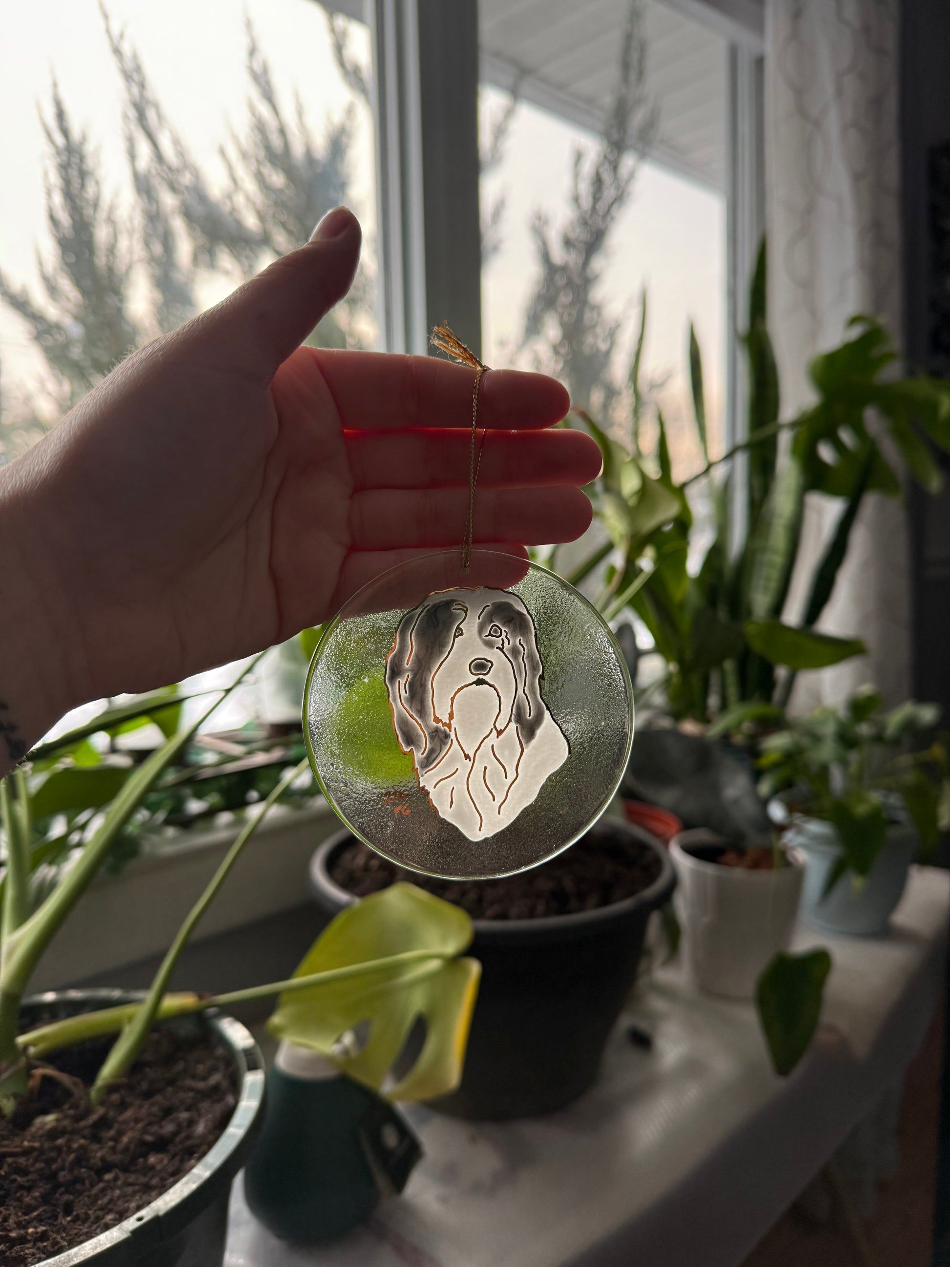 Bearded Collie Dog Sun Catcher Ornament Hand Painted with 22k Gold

....................

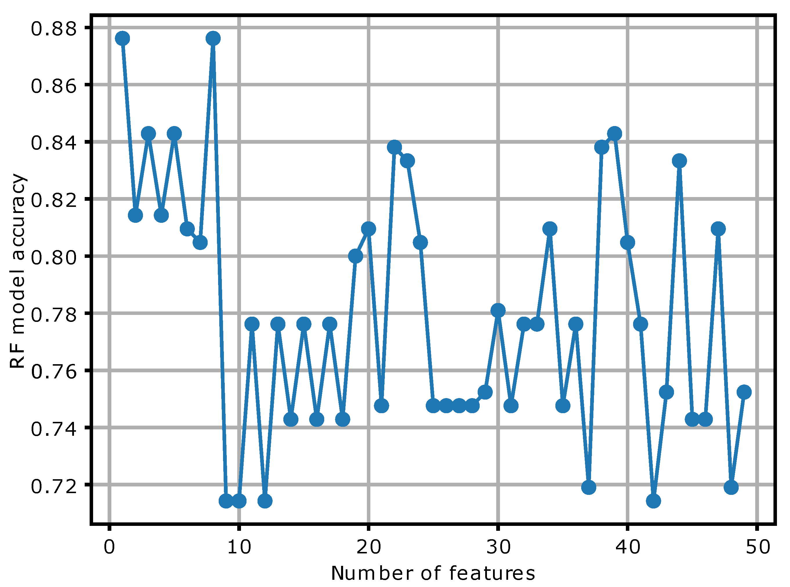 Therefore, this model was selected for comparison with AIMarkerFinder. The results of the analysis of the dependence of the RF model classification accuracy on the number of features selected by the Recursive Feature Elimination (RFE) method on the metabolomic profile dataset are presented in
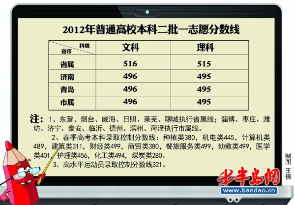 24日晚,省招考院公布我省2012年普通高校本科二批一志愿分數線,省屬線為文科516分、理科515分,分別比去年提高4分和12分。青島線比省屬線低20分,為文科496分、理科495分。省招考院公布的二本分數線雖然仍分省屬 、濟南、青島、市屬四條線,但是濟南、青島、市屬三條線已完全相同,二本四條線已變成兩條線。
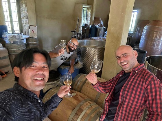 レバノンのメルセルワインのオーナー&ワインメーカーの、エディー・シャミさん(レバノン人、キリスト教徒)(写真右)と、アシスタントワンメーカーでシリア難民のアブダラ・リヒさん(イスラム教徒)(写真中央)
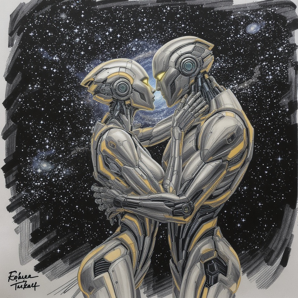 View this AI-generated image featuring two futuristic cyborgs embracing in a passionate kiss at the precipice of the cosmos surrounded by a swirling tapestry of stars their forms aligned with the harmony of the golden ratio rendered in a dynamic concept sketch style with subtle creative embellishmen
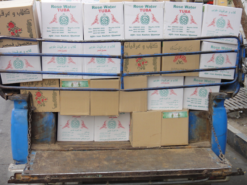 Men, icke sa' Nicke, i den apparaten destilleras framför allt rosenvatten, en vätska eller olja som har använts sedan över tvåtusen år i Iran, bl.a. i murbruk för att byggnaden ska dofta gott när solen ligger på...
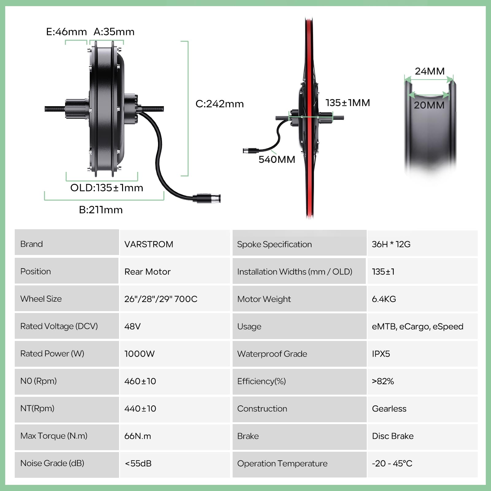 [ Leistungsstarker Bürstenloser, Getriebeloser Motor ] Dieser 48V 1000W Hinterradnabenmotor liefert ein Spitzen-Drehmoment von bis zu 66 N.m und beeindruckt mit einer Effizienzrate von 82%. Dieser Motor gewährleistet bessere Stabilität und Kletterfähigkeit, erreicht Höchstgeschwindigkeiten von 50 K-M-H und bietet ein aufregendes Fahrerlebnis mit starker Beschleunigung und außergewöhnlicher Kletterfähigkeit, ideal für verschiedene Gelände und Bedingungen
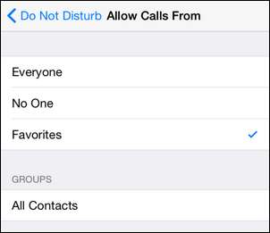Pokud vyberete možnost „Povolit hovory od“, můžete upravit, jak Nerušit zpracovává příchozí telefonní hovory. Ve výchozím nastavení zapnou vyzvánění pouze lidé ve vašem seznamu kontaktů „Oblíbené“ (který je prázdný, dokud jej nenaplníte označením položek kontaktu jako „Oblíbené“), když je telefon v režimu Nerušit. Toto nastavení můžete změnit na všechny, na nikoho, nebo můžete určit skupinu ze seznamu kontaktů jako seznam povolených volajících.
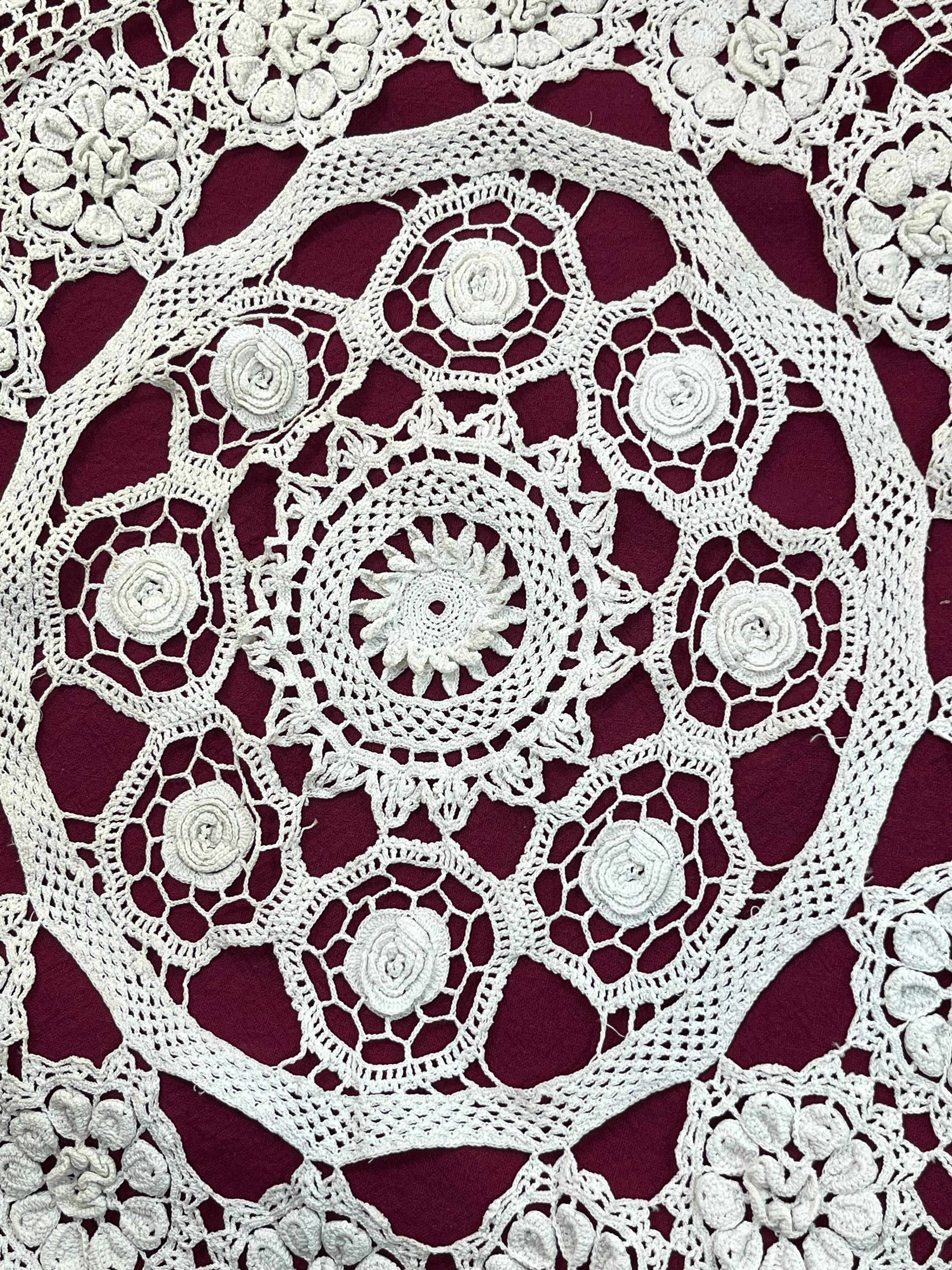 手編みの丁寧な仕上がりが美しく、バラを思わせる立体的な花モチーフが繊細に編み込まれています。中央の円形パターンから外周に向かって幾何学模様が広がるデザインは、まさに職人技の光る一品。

....................

■ EXERCISE:
In the listing above, find the line containing "Men, icke sa'" and the line containing "Pokud vyberete možnost", then print exactly those two lines and every line between them, minus the pictures.

■ COMPLETED TASK:
 Men, icke sa' Nicke, i den apparaten destilleras framför allt rosenvatten, en vätska eller olja som har använts sedan över tvåtusen år i Iran, bl.a. i murbruk för att byggnaden ska dofta gott när solen ligger på...
 [ Leistungsstarker Bürstenloser, Getriebeloser Motor ] Dieser 48V 1000W Hinterradnabenmotor liefert ein Spitzen-Drehmoment von bis zu 66 N.m und beeindruckt mit einer Effizienzrate von 82%. Dieser Motor gewährleistet bessere Stabilität und Kletterfähigkeit, erreicht Höchstgeschwindigkeiten von 50 K-M-H und bietet ein aufregendes Fahrerlebnis mit starker Beschleunigung und außergewöhnlicher Kletterfähigkeit, ideal für verschiedene Gelände und Bedingungen
Pokud vyberete možnost „Povolit hovory od“, můžete upravit, jak Nerušit zpracovává příchozí telefonní hovory. Ve výchozím nastavení zapnou vyzvánění pouze lidé ve vašem seznamu kontaktů „Oblíbené“ (který je prázdný, dokud jej nenaplníte označením položek kontaktu jako „Oblíbené“), když je telefon v režimu Nerušit. Toto nastavení můžete změnit na všechny, na nikoho, nebo můžete určit skupinu ze seznamu kontaktů jako seznam povolených volajících.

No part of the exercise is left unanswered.